Albert Chadwick

Personal information
- Date of birth: 1866
- Place of birth: Liverpool, England
- Date of death: 1937 (aged 70–71)

Youth career
- Everton

Senior career*
- Years: Team / Apps / (Gls)
- 1888–1892: Everton / 5 / (0)
- Total:  / 5 / (0)

= Albert Chadwick (English footballer) =

English footballer (1866–1937)

Albert Chadwick (1866 – 1937) was an English professional footballer who played in the Football League.

==League debut==
Chadwick made his League Debut on 1 December 1888 at Anfield, Liverpool against West Bromwich Albion. Chadwick was at left-back covering Nick Ross who was unavailable to play. Everton made a bright start but did not score and then conceded a goal which changed the game. West Bromwich Albion went on the rampage and got two more before the half finished. Half-time - Everton 0–3 West Bromwich Albion. The second-half started positively for Everton and they got a goal back through Edgar Chadwick, a cousin. However, disaster struck as Frank Sugg had to leave the field of play with an injured right-foot.
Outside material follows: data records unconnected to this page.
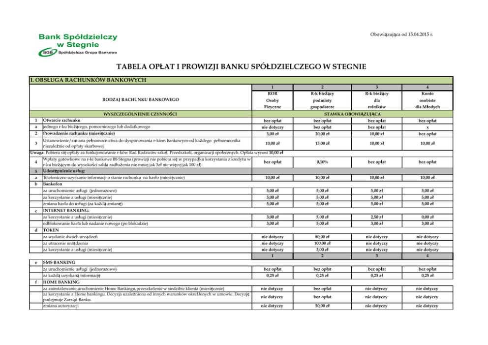 tabela opłat i prowizji banku spółdzielczego w stegnie
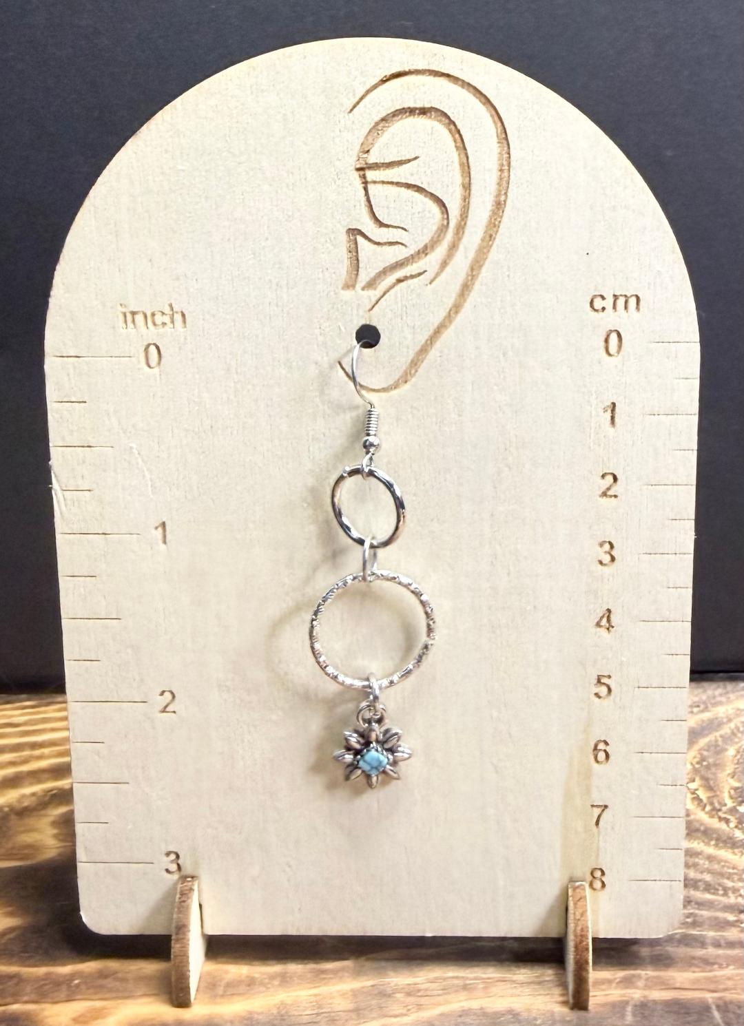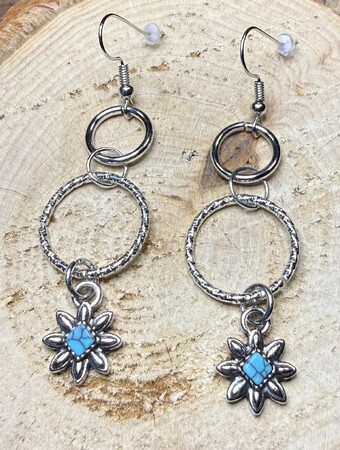 ![]() | Item #: 1006380 Click on image to see more pictures! A simple, yet pretty pair of silver earrings witha double hoop/ring and a tiny alloy flower with a faux turquoise center. Made with nickel free earring hooks. Measurement Questions? Price: 12.00 |
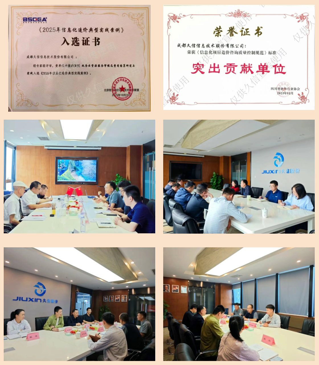 公司成功入选《2025年信息化造价典型实践案例》。该案例经相关联盟组织多轮评审,历时六个月严格遴选,围绕专业性、创新性、成效性、完整性等维度综合评定。不仅如此,久信股份还荣获四川省软件行业协会颁发的“《信息化项目造价咨询质量控制规范》标准突出贡献单位”称号。
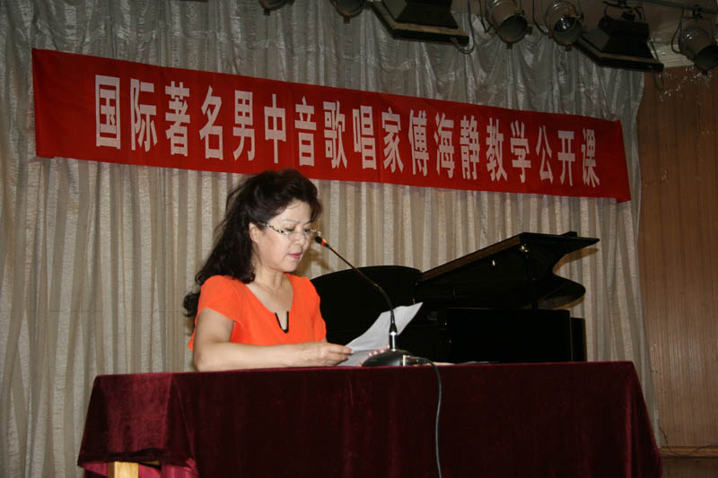 傅海静教授的教学公开课于6月6日在六艺楼报告厅举行,院长田大成教授出席了此次讲座并致欢迎词,田院长在欢迎词中指出,我院在歌剧排演方面取得过一些成就,但我院为进一步加强发展歌剧教育事业,却仍需继续学习,并不断汲取新鲜养分。此次能够邀请到傅海静教授来我院举行教学公开课,是我院师生提升自己综合素质水平的一个良好契机。之后,傅海静教授在雷动的掌声中上台发言,他首先对我院近年来在歌剧教学方面所取得成果表示了肯定以及衷心的祝贺,他表示,在歌剧的教学演唱方面,在我国还有很大的可提升空间,现如今,很多高等院校都在进行歌剧排演,可是能真正做到出色的却并不多,这说明,在这条道路上,我们仍需继续加强。
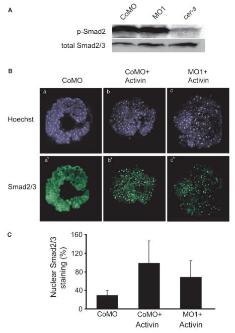 Fig. 5 Smad2 phosphorylation and nuclear translocation are unaffected by Dkk3 depletion. (A) One- to two-cell-stage embryos were injected with 25 ng CoMO or dkk3 MO1, and the levels of phospho-Smad2 (pSmad2) and total Smad2/3 were analyzed by Western blot. (B) One- to two-cell-stage embryos were injected with 50 ng CoMO or dkk3 MO1, and animal caps were explanted at stage 9 and treated with Activin protein for 30 min. Animal caps were stained for nuclei with Hoechst (aâc) and analyzed by immunofluorescence for endogenous Smad2/3 (a0âc0). (C) Quantitation of Smad2/3 staining in Hoechst-positive nuclei.
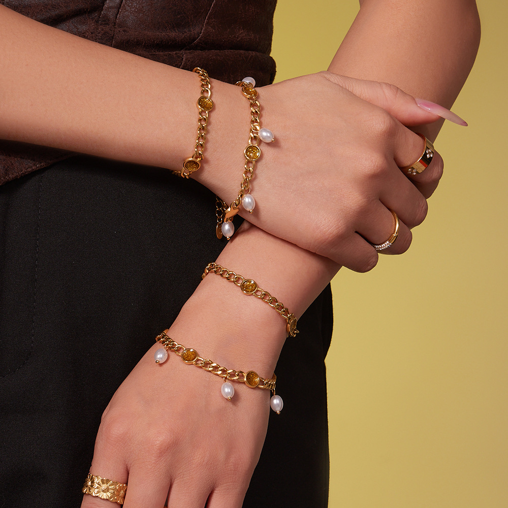 Profile:Best-selling imitation pearl fringed necklace and bracelet, stainless steel plated with 18k gold, indie design jewelry set

Matters got worse when with 15 minutes left James Coyne also stopped playing because of an injury. Down to nine men Everton had done well to contain West Bromwich Albion in the second-half but the Albion inevitably capitalised on the extra space and got a fourth goal.

Chadwick played two matches for Everton in the 1888–89 season. He played one at left-back and one at left-half. Everton conceded 6 of their 47 goals for the season when Chadwick played in his two matches. Everton finished eighth in the Football League.